Additional properties
The "additionalProperties": true setting allows you to include custom fields beyond the core schema requirements, providing flexibility to add any data your reward function needs for proper evaluation.
Common additional fields
You can include the following types of additional fields:
Metadata:
-
task_id: Unique identifier for tracking
-
difficulty_level: Problem complexity indicator
-
domain: Subject area or category
-
expected_reasoning_steps: Number of steps in solution
Evaluation criteria:
-
evaluation_criteria: Specific grading rubrics
-
custom_scoring_weights: Relative importance of different aspects
-
context_data: Background information for the problem
-
external_references: Links to relevant documentation or resources
Example with additional properties
The following example includes custom metadata fields:
{ "id": "algebra_001", "messages": [ { "role": "system", "content": "You are a math tutor" }, { "role": "user", "content": "Solve: 2x + 5 = 13" } ], "reference_answer": { "solution": "x = 4", "steps": ["2x = 13 - 5", "2x = 8", "x = 4"] }, "task_id": "algebra_001", "difficulty_level": "easy", "domain": "algebra", "expected_reasoning_steps": 3 }
Dataset size recommendations
Starting point
Begin with the following minimum dataset sizes:
-
Minimum 100 training examples
-
Minimum 100 evaluation examples
Prioritize high-quality input data and a reliable reward function that executes consistently on model responses.
Evaluation-first approach
Before investing in large-scale RFT training, evaluate your model's baseline performance:
-
High performance (greater than 95% reward): RFT may be unnecessary—your model already performs well
-
Very poor performance (0% reward): Switch to SFT first to establish basic capabilities
-
Moderate performance: RFT is likely appropriate
This evaluation-first approach ensures your reward function is bug-free and determines if RFT is the right method for your use case. Starting small allows you to get comfortable with the RFT workflow, identify and fix issues early, validate your approach before scaling up, and test reward function reliability. Once validated, you can expand to larger datasets to further improve performance.

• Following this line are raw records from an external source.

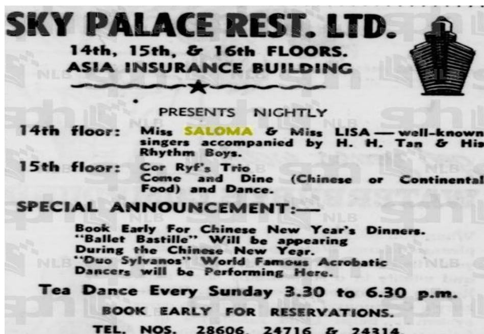
Figure 9: Salmah binti Ismail (Saloma) performance advertisement in The Straits Times , 1957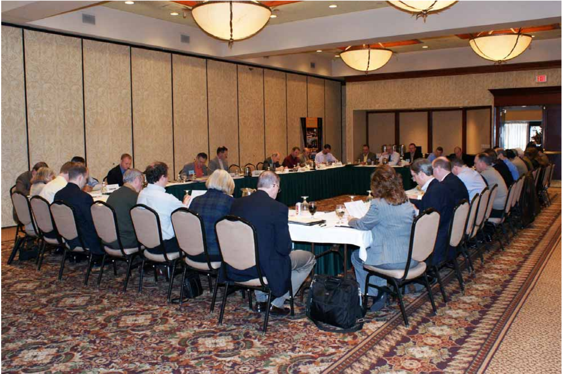
Board of Directors / Membership Meeting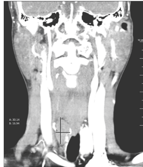
FIGURE 1: Coronal CT-neck with contrast demonstrates a 30.1 mm \times 16.9 mm right-sided parathyroid adenoma causing mass effect.

Grossly, the mass was described as a well-encapsulated dark pink-red soft tissue mass weighing 0.98 grams. Upon sectioning, a 1.8 \times 0.8 \times 0.6 cm well-circumscribed variegated tan-yellow to dark red focally softened nodule was present with all slices coming to within <0.1 cm of all margins. A rim of scant pink-tan grossly uninvolved soft tissue was located at the periphery. Microscopical sections revealed a well-demarcated nodule with encapsulated, cellular, homogenous cells composed of chief cells with some oxyphil cells in a delicate capillary network (Figure 3). There was a defined rim of normal parathyroid tissue with mostly central necrosis and thrombosed vessels. Immunohistochemical stain for parathyroid hormone was positive confirming the parathyroid nature of the mass. The patient's PTH did decrease to 26 pg/mL, and calcium remained within normal limits measured at 8.7 mg/dL.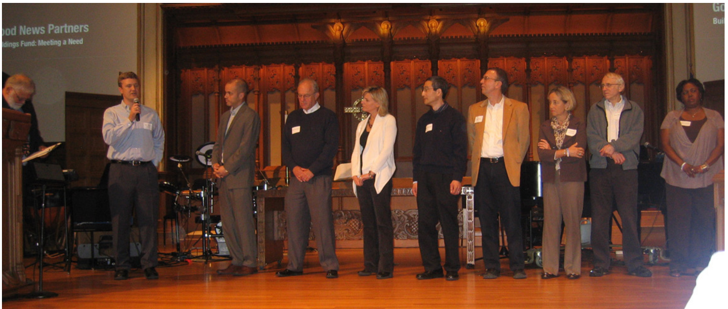
Representatives from Collaborative Churches focus on ending homelessness

Check our website for more information on the Church Collaborative initiative www.goodnewspartners.org .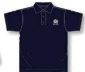
Navy Classic polo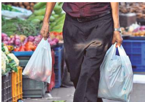
Following initial success after the State government banned use of single-use plastic in March 2018, the drive lost momentum.

After becoming Environment Minister himself, Mr. Thackeray conducted a review of the ban in January,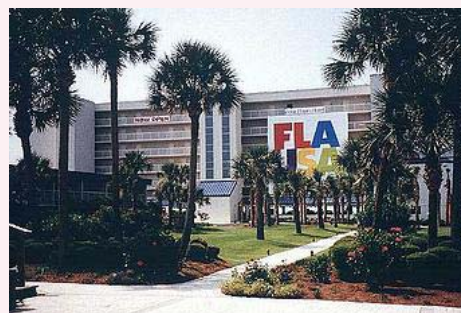
The Four Points Sheraton Destin-Ft. Walton is the location for Region Weekend next month.

The schedule includes Saturday workshops, free time, fun night and a Sunday Awards Luncheon. You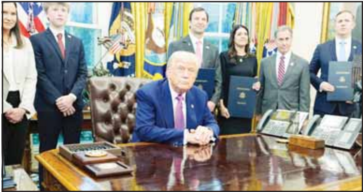
US President Donald Trump speaks with reporters in the Oval Office of the White House in Washington.

expect federal deficits to widen, reaching nearly 9% of (the U.S. economy) by 2035, up from 6.4% in 2024, driven mainly by increased interest payments on debt, rising entitlement spending, and relatively low revenue generation." Extending President Donald Trump's 2017 tax cuts, a priority of the Republican-controlled Congress, Moody's said, would add $4 trillion over the next decade to the federal primary deficit (which does not include interest payments). A gridlocked political system has been unable to tackle America's huge deficits. Republicans reject tax increases, and Democrats are reluctant to cut spending. On Friday, House Republicans failed to push a big package of tax breaks and spending cuts through the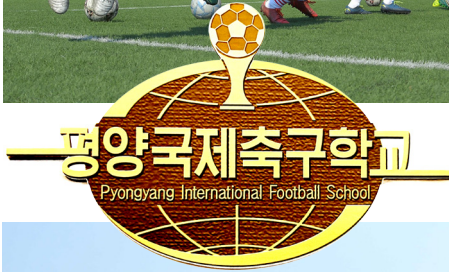
Schoolchildren practice football skills at Pyongyang International Football School.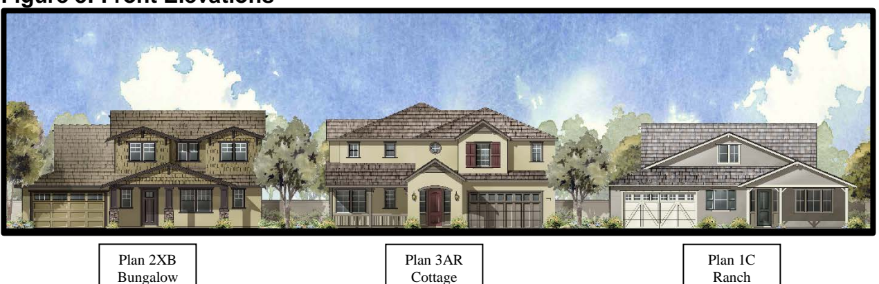
Figure 3: Front Elevations

The five home model types would range in size from 2,451-square-feet to 3,387-square feet. The Plan 1 and Plan 2 one-story homes would range in height from 20 feet, 9 inches to 23 feet, 9 inches (measured from finished grade to the top of the ridge). The Plan 1X and Plan 2X one-story homes with an optional upper floor would range in height from 25 feet, 3 inches to 27 feet, 10 inches. The Plan 3 two-story homes would range in height from 27 feet to 29 feet. Using the Pleasanton Municipal Code (PMC) definition for height (measured vertically from the average elevation of the natural grade of the ground covered by the home to the mean height between eaves and ridges for a gable roof), the homes would range in height from 16 feet, 1 inch to 24 feet, 1 inch. The applicant is proposing to comply with the development standards of the R-1-6,500 Zoning District. Please see Table 1 (Development Standards) below for the other primary development parameters of the proposed project.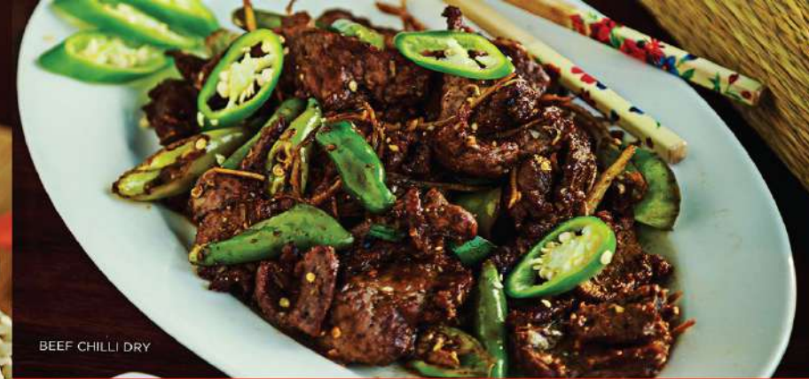
BEEF CHILLI DRY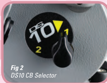
Fig 2 DS10 CB Selector

TIP Fine tuning can be achieved by adjusting the SLIDING PLATFORM - see step 2.5.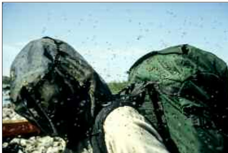
Wendy and black flies north of Lake Mistinibi.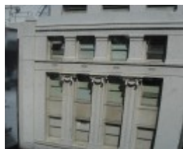
Myers Melbourne Little Bourke Street February 2006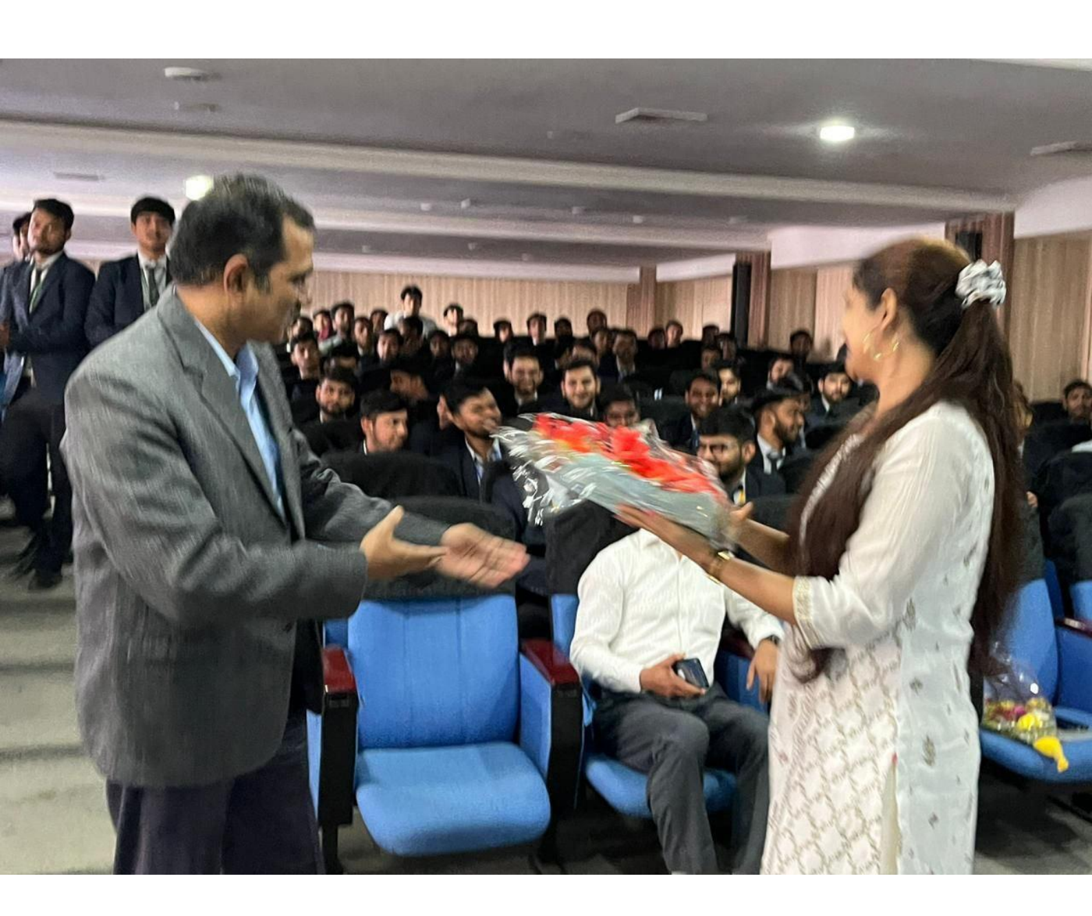
WELCOMING GUEST BY GIVING BOUQUET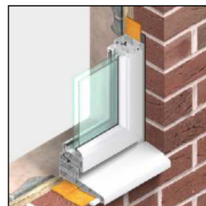
Fig 2: TP610 and FM330 installed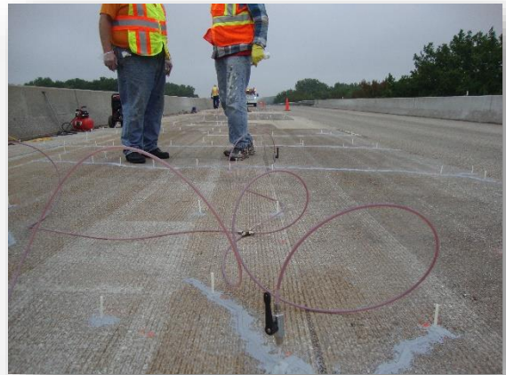
Low Viscosity Injection Resin CE 110 Construction Adhesive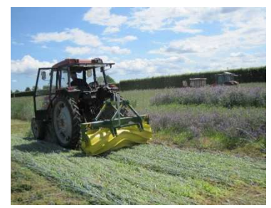
Roller Crimper AU Food - Denmark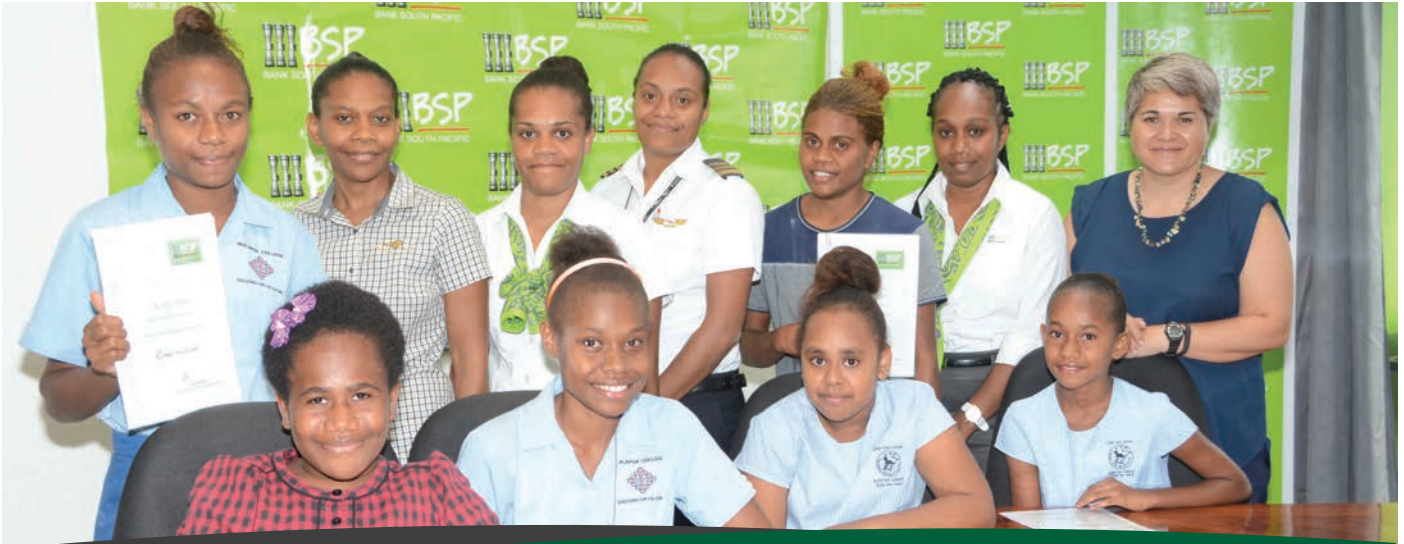
Vanuatu BSP Women's Grant Scholarship has assisted young women pursue and further their education.

Our teams in the Pacific Islands also delivered worthy projects in their communities.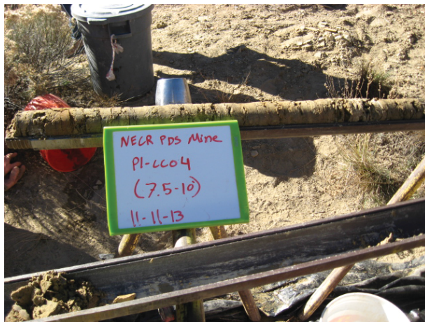
Pond 1 CC04 7.5-10' 11/11/13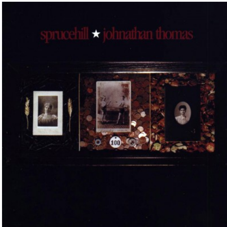
Split CD with Sprucehill, Fallen Tree Recordings, summer 1996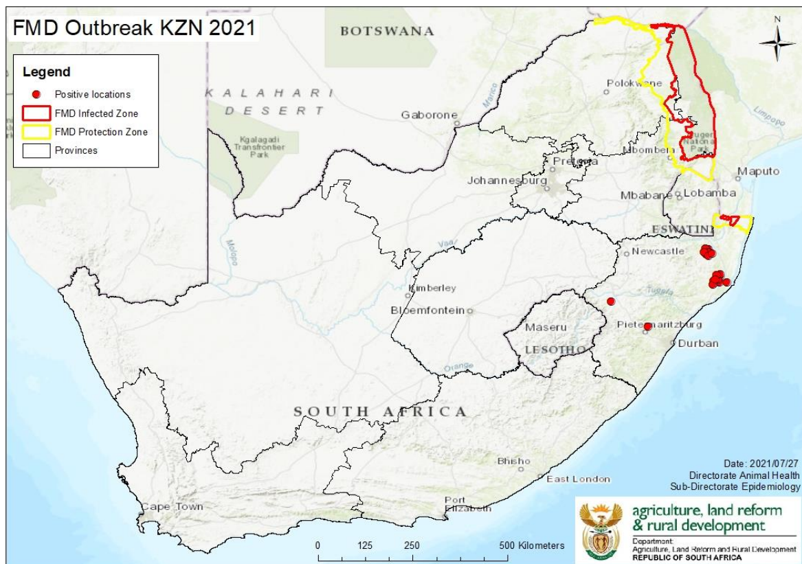
Map 1: FMD positive locations in KwaZulu-Natal, South Africa

In May 2021, an outbreak of Foot and Mouth Disease (FMD) in cattle was confirmed in the Umkhanyakude District Municipality of the KwaZulu-Natal Province. Twenty-two locations in KwaZulu-Natal Province have been identified as FMD positive and reported to the OIE. Disease investigations to determine the extent of the spread of disease are nearing completion. The following map shows positive locations. Note that locations with close proximity may appear as a single location on this map.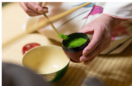
茶道 Tea Ceremony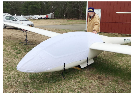
Grob 102 Astir CS Canopy/Nose Cover (test fit)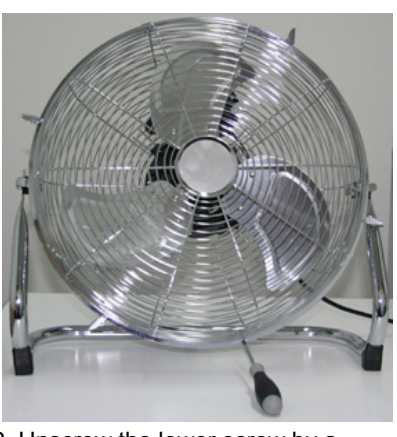
2. Unscrew the lower screw by a screwdriver.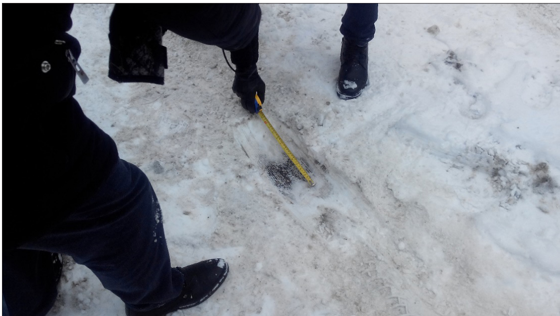
Figure 3: Production and measurements of the second hole.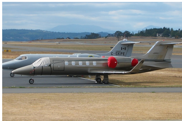
Lear 31A Cockpit Cover, Engine Covers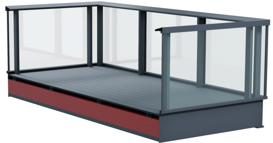
Fig. 1. Insight Glass Perspective 1

The product does not contain any REACH SVHC substances in amounts greater than 0,1 % (1000 ppm).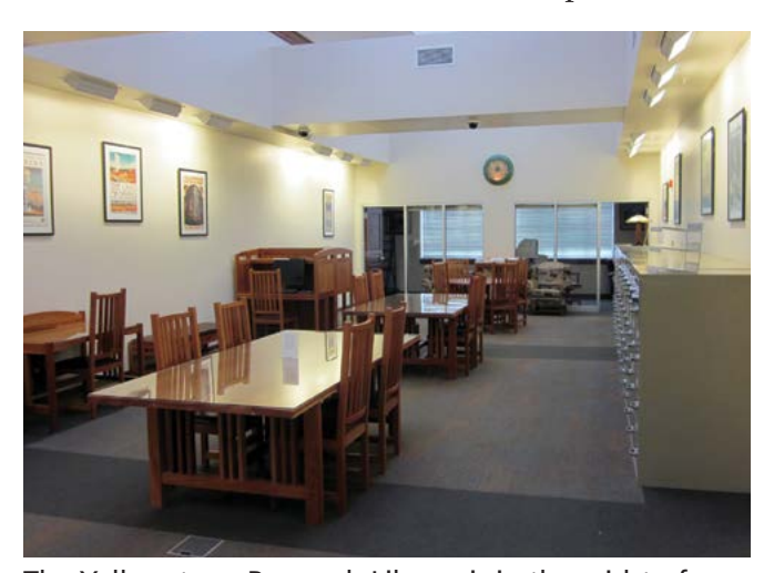
The Yellowstone Research Library is in the midst of a digitization project that will make library records accessible online.

The mission of the Yellowstone Research Library is to collect published and unpublished materials related to the greater Yellowstone ecosystem and to make these materials available to park staff,

Characteristics of effective training data
Clarity and consistency
Good RFT examples require clear, unambiguous input data that enables accurate reward calculation across different model outputs. Avoid noise in your data, including:
-
Inconsistent formatting
-
Contradictory labels or instructions
-
Ambiguous prompts
-
Conflicting reference answers
Any ambiguity will mislead the training process and cause the model to learn unintended behaviors.
Diversity
Your dataset should capture the full diversity of production use cases to ensure robust real-world performance. Include:
-
Various problem types and difficulty levels
-
Different input formats and edge cases
-
Representative samples from all expected scenarios
This diversity helps prevent overfitting and ensures the model handles unfamiliar inputs gracefully.
Reward function considerations
Design your reward function for efficient training:
-
Execute within seconds (not minutes)
-
Parallelize effectively with Lambda
-
Return consistent, reliable scores
-
Handle different types of model outputs gracefully
Fast, scalable reward functions enable rapid iteration and cost-effective experimentation at scale.